*YOUR OBJECTIVE*: Only the lines below from the one containing "Seguidamente, añadimos el" to the one containing "నాగర్ కర్నూల్ జిల్లాలో" should be repeated, both included and unchanged.

*RECORDS SUPPLIED*:
======
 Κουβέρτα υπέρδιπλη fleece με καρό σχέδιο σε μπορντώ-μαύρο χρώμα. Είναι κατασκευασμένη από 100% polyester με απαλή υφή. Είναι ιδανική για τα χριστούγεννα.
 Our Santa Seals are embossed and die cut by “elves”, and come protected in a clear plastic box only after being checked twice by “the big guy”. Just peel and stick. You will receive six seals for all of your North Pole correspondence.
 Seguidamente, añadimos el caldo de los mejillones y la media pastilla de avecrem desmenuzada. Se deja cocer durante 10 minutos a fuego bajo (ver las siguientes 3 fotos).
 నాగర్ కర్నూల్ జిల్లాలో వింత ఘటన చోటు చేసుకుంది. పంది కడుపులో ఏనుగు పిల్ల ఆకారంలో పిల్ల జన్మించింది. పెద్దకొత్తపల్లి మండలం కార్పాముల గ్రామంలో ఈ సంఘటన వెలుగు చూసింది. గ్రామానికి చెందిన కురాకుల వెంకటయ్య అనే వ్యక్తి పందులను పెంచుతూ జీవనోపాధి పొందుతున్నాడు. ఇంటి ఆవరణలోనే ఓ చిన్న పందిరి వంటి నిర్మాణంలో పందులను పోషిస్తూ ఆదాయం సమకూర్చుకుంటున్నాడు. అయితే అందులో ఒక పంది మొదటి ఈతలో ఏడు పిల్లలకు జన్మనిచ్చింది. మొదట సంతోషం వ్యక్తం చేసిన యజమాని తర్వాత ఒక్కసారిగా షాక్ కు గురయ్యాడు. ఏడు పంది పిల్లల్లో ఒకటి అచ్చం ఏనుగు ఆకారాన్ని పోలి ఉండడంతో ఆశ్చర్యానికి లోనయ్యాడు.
======
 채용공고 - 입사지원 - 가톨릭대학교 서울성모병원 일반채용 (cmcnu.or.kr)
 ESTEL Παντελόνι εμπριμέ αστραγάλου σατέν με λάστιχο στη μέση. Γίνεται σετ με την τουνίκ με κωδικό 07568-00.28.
======
*SOLVED EXERCISE*:
 Seguidamente, añadimos el caldo de los mejillones y la media pastilla de avecrem desmenuzada. Se deja cocer durante 10 minutos a fuego bajo (ver las siguientes 3 fotos).
 నాగర్ కర్నూల్ జిల్లాలో వింత ఘటన చోటు చేసుకుంది. పంది కడుపులో ఏనుగు పిల్ల ఆకారంలో పిల్ల జన్మించింది. పెద్దకొత్తపల్లి మండలం కార్పాముల గ్రామంలో ఈ సంఘటన వెలుగు చూసింది. గ్రామానికి చెందిన కురాకుల వెంకటయ్య అనే వ్యక్తి పందులను పెంచుతూ జీవనోపాధి పొందుతున్నాడు. ఇంటి ఆవరణలోనే ఓ చిన్న పందిరి వంటి నిర్మాణంలో పందులను పోషిస్తూ ఆదాయం సమకూర్చుకుంటున్నాడు. అయితే అందులో ఒక పంది మొదటి ఈతలో ఏడు పిల్లలకు జన్మనిచ్చింది. మొదట సంతోషం వ్యక్తం చేసిన యజమాని తర్వాత ఒక్కసారిగా షాక్ కు గురయ్యాడు. ఏడు పంది పిల్లల్లో ఒకటి అచ్చం ఏనుగు ఆకారాన్ని పోలి ఉండడంతో ఆశ్చర్యానికి లోనయ్యాడు.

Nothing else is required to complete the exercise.